President Trump, not surprisingly, is the worst offender. At his circus-like daily press briefings he flails around inarticulately, ceaselessly praising his own actions and attacking those of others. On Monday, he actually said: “Everything we did was right,” even as the number of dead in the U.S. climbed above 23,000. The following day, he announced theatrically that he was cutting U.S. funding for the World Health Organization in the middle of the crisis for “severely mismanaging and covering up” the COVID-19 crisis and putting “political correctness above lifesaving.”

There may be some truth to his accusations. WHO was certainly deferential to China, perhaps too much so, and may have gullibly accepted that country’s early reassurances about the virus. And there is no doubt it would have been better if the agency had declared a global emergency a week or so earlier. Early mistakes may have led to a slower and weaker response around the world and a boom in infections. Ultimately we will want to know whether the 72-year-old organization did everything it could have or whether it made mistakes through ignorance, political correctness or the fog of misinformation. We will need to examine those missteps in order to prevent similar ones going forward.

But why are we hearing about it just now? Why is the United States suddenly withholding its funding from the organization? For one reason only: Because Trump is ginning up false outrage in a desperate effort to rewrite the narrative he fears may destroy him in November. He’s determined to come off as the nation’s resolute and all-seeing savior — the check-signer-in-chief, the voice of reason, the provider of ventilators, the man who “calls the shots” — and that means he needs someone to blame for any problems.
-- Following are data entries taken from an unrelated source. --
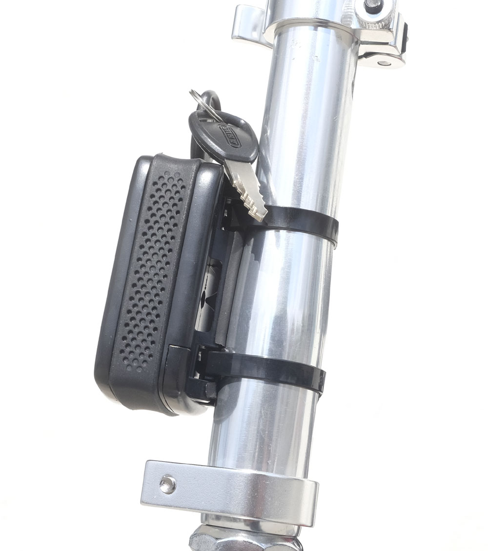 Das elektronische Gerät entfaltet einen intelligenten, stoß- und bewegungssensitiven Alarm für Ihr Objekt – sei es für das Fahrrad, den Grill oder das Werkzeug. Zusätzlich kann das Gehäuse der Alarmbox weitere ABUS Adapterketten oder -kabel als Zubehör integrieren und so weitere Gegenstände sichern. Die Alarmbox 2.0 lässt sich einfach an runden Rohren, zum Beispiel am Fahrradrahmen, anbringen und mittels Schlüssel sichern. Bei leichten Stößen oder Bewegungen ertönt eine kurze, 5-sekündige Warnung. Bei einem anhaltenden Diebstahlversuch löst der 100 dB laute Alarm aus.
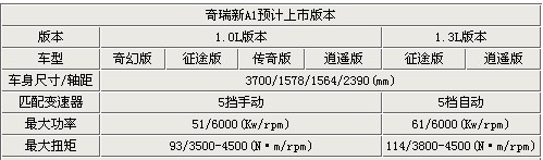 奇瑞A1于2007年上市的一款以外觀和諧、配置實(shí)用而聞名的小型車(chē),經(jīng)歷了2009年小改款之后,第二次改款車(chē)型也即將與我們見(jiàn)面。本次改款外觀基本上沒(méi)有變化,主要變化體現(xiàn)在內(nèi)飾方面以及新增1.0L車(chē)型,預(yù)計(jì)推出六個(gè)版本的車(chē)型。具體詳情見(jiàn)下表:
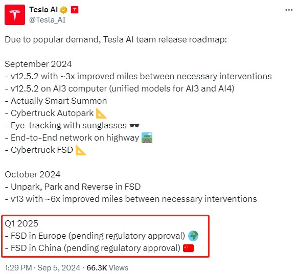 Today, the Tesla AI team released the product roadmap, expecting to launch Fully Self-Driving (FSD) in China and Europe in the first quarter of 2025, but it is still pending regulatory approval.

But it’s not just Trump politicizing the pandemic. A new analysis by two epidemiologists suggests that if social distancing had been in place two weeks earlier in the United States, as many as 90% of the lives lost to COVID-19 could have been saved. And Democrats naturally see this as the moment to blame the president for letting the situation spiral out of control.

“The truth is that in January, Donald Trump was warned about this pandemic, ignored those warnings, took insufficient action and caused unnecessary death and disaster,” House Speaker Nancy Pelosi said Tuesday.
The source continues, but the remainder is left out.